Founder of Las Vegas’ Business Connection was detail oriented till the end
August 28, 2015 - 7:37 pm
Delores Schafer's last day began with a makeover.
The nurses painted her nails and coiffed her hair, which lay matted after weeks on a hospital bed in the cancer ward at Intermountain Medical Center in Salt Lake City.
When her 47-year-old daughter, Lola, arrived, the mother greeted her in the blue dress they bought together so they could match, with a white cardigan sweater draped over her shoulders.
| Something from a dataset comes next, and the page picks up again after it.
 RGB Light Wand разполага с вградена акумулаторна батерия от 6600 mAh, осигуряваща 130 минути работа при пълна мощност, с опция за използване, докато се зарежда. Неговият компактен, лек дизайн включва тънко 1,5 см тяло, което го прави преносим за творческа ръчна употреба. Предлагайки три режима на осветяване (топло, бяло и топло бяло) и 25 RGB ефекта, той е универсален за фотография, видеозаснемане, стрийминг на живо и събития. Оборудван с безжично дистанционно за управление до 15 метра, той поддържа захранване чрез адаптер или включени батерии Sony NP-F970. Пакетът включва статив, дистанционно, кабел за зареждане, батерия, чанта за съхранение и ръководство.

"I'd really like to not die in this hospital bed," the 68-year-old had told her son, Leo, days earlier. "And I'd really like to not die in this gown."
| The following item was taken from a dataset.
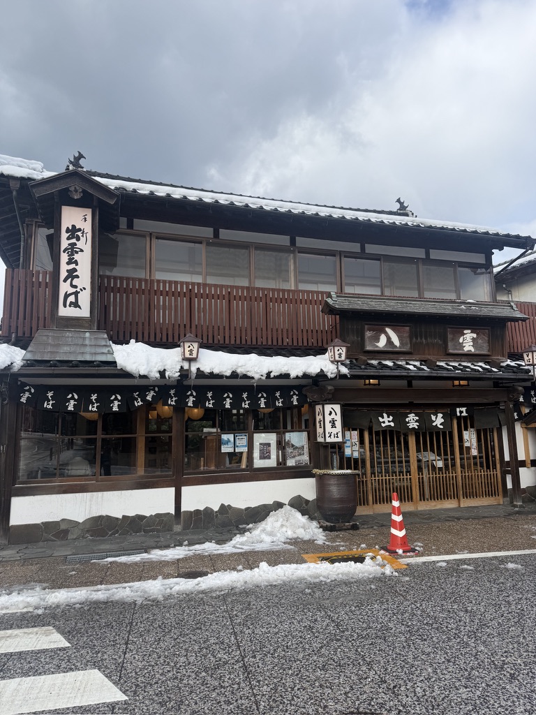 駅からトボトボ歩いて、出雲大社の入口まで行くも先に朝ごはんをと思い、左折。雪が溶けておらずめちゃくちゃ歩きづらい中、10分ほど歩いてきたのがこちら。
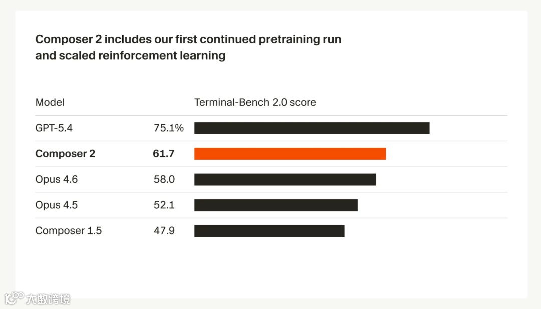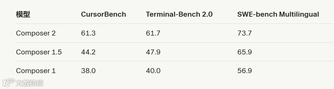 已上线的Composer 2聚焦编程领域性价比提升。在Terminal-Bench 2.0和SWE-bench Multilingual等基准测试中,其性能居于GPT-5.4与Claude Opus 4.6之间。

She always possessed her own style, friends and family members said. She had an eye for detail.
Delores Schafer helped hundreds of people find clothing for job interviews during her 20 years as director of the Business Connection, a Las Vegas nonprofit that helped prisoners, foster children and welfare recipients transition to self-sufficiency. The clothes she found for homeless women, one former employer said, were "beautiful."
She was she was diagnosed with brain and lung cancer in 2005. Ten years later, and about two months after a sharp deterioration in health, she chose the night of Friday, July 24, to remove the respirator attached weeks before to keep her alive.
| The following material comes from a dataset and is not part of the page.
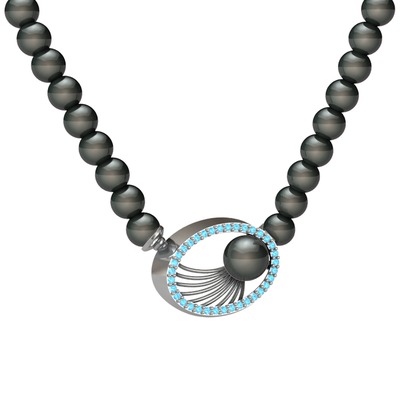 Siyah inci ve akuamarin 8 ayar beyaz altın kolye

It was Pioneer Day, when the Utahns living around celebrate the arrival of the first Mormon settlers to the Salt Lake Valley with fireworks.
Together with her three grown children, her ex-husband, her pastor, a friend from church, and her son-in-law, Schafer watched videos recorded by friends and family saying their goodbyes. She took phone calls as the morning shifted to afternoon.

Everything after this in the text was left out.